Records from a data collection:
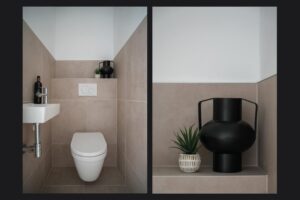 Via een portaal is het separate toilet (2026) bereikbaar, uitgevoerd in dezelfde moderne stijl als de badkamer en voorzien van een fontein.
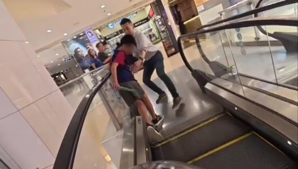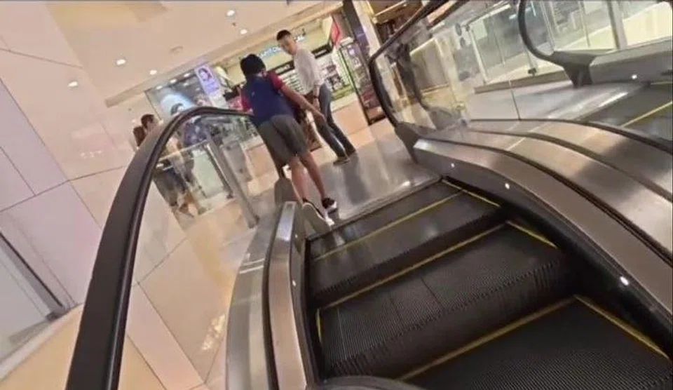 Stomper Saimarn alerted Stomp to the video he posted online on Feb 24 with the subtitle "Be careful on the escalator with children."
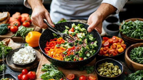 A chef tosses a vibrant salad of broccoli, red and orange bell peppers, and quinoa in a dark bowl surrounded by fresh vegetables on the table
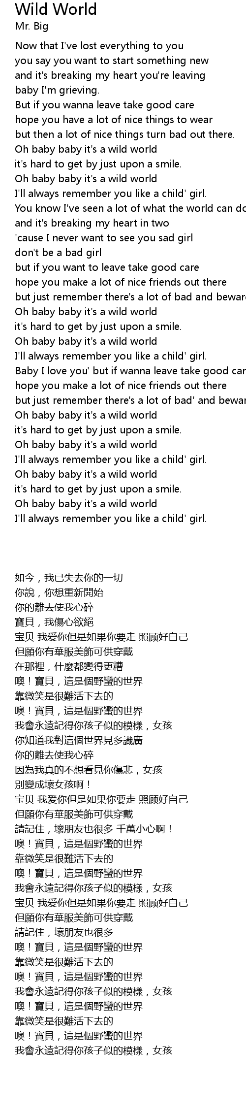 Oh baby baby it's a wild world |
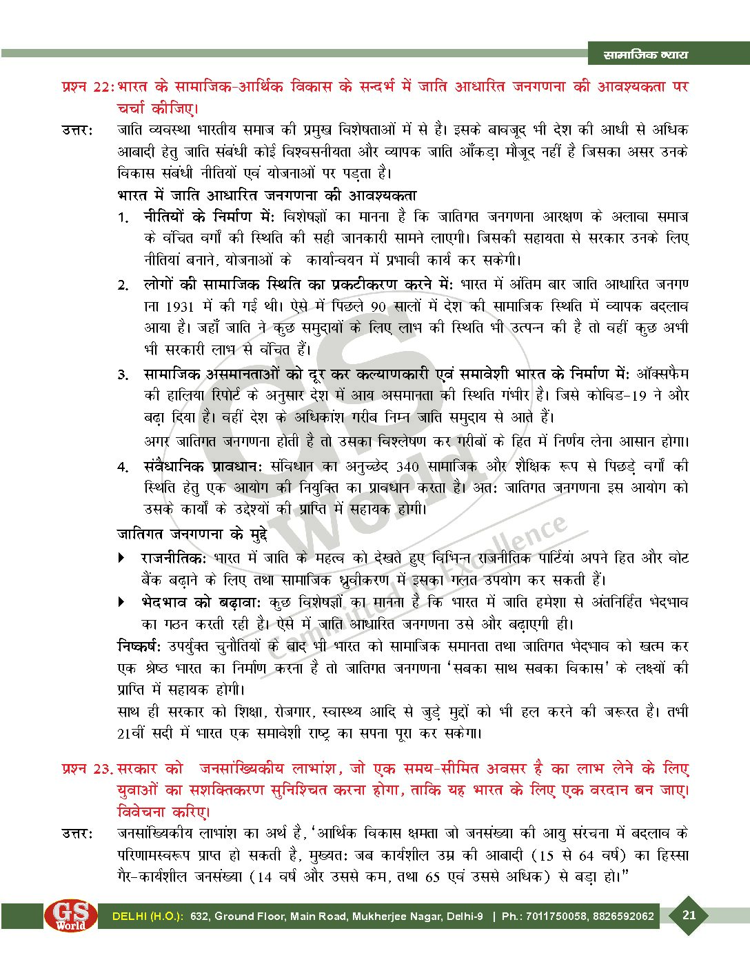 GS WORLD UPPCS MAINS 2022 GENERAL STUDIES PAPER-II (EXPECTED QUESTION –ANSWERS)(SOCIAL JUSTICE , POLITY & GOVERNANCE , INTERNATIONAL RELATIONS ) HINDI MEDIUM (BLACK & WHITE)
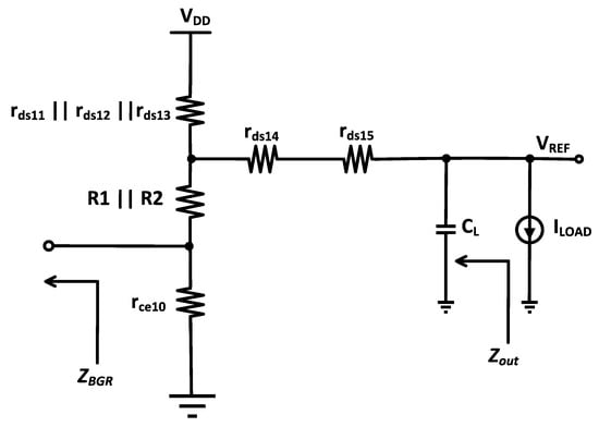 In the figure, Zout is the output impedance of the BGR and ZBGR is the shunting effect of its feedback loop. Zout and ZBGR are given as follows:
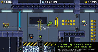 喷射霸王龙是由TreeFortress Games制作发行的一款横版过关游戏,游戏讲述的是一只生活在中生代时期的霸王龙获得了一双外星人的强力弹跳靴。靠着这双靴子的惊人弹跳力越过一个又一个的障碍直到冲向下一个星球,确保自己不会被灭绝。虽然剧情来看比较幼稚,不过还是挺好玩的。

HOW TO COMPLETE THIS TASK: With pictures excluded, reproduce exactly the lines above from the one containing "A chef tosses" down to the one containing "GS WORLD UPPCS", those two included.

RESPONSE TO THIS EXERCISE:
 A chef tosses a vibrant salad of broccoli, red and orange bell peppers, and quinoa in a dark bowl surrounded by fresh vegetables on the table
 Oh baby baby it's a wild world |
 GS WORLD UPPCS MAINS 2022 GENERAL STUDIES PAPER-II (EXPECTED QUESTION –ANSWERS)(SOCIAL JUSTICE , POLITY & GOVERNANCE , INTERNATIONAL RELATIONS ) HINDI MEDIUM (BLACK & WHITE)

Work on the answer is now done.